Exceptional Control Flow

Reading Notes on CSAPP

15 Nov 2016 · 1834 words · 9 minutes read

Overview

A processor accesses a sequence of instructions when it operates. The transition from one to the next, is called control transfer. The sequence of transfers is called control flow. The control flow is smooth when the transitions are always to the adjacent address. Operations such as jump, call, etc. will cause the control flow to be abrupt.

There are other situations where the control flow is abruptly changed. For example, hardware timer, network packet arrival, etc. are events that have to be dealt with but not necessarily a part of the execution of the program. The system will likely deal with such situations with exceptional control flow (ECF), a disruption to the control flow.

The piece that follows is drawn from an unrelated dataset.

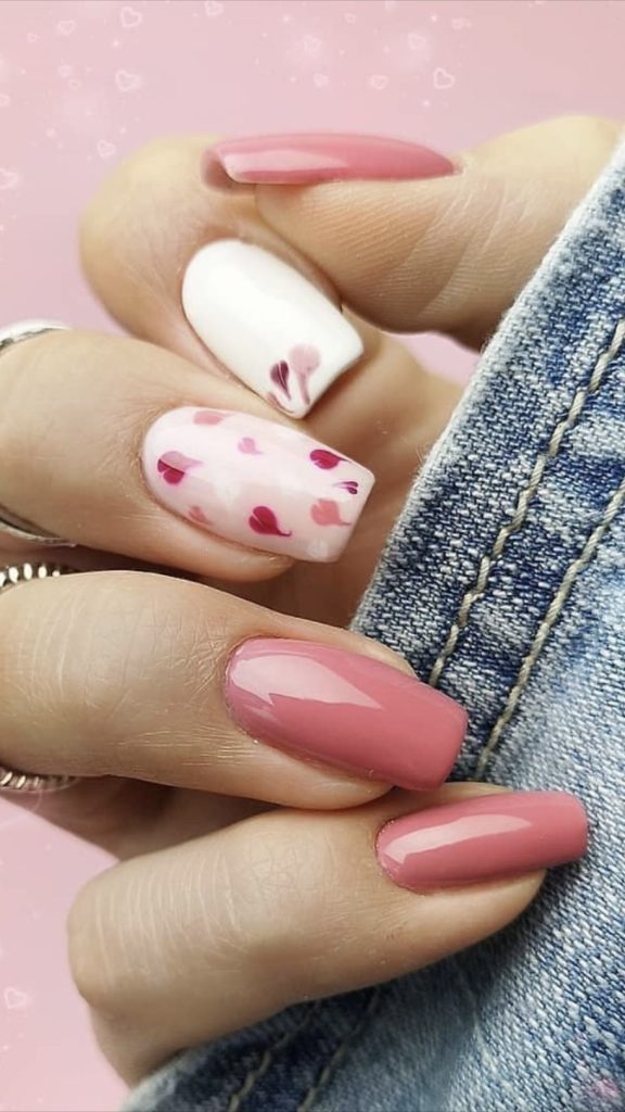 Put on your Valentine’s Day romantic mood with nails that are designed with a beautiful pink gradient together with cute hearts on a white base. The design is a combination of charming simplicity and feminine art.

Application Level ECF: inter-process signal
OS kernel Level ECF: context switches

Exceptions

Definition

An exception is an abrupt change in the control flow in response to some change in the processor’s state.

An event is a change in the processor’s state.

Exception Happening

When the application is executing instruction $I_{curr}$, there is an event occurred.

The event could be either caused by the instruction just occurred, or completely unrelated to the application. The processor will look up the exception table, and make a procedure call to the exception handler, which will process the particular kind of event. Then, depending on the event, three things can occur:

The handler returns, to $I_{curr}$
The handler returns, to $I_{next}$
The handler aborts the program

Exception Handling

The handling of exception involves both hardware and software.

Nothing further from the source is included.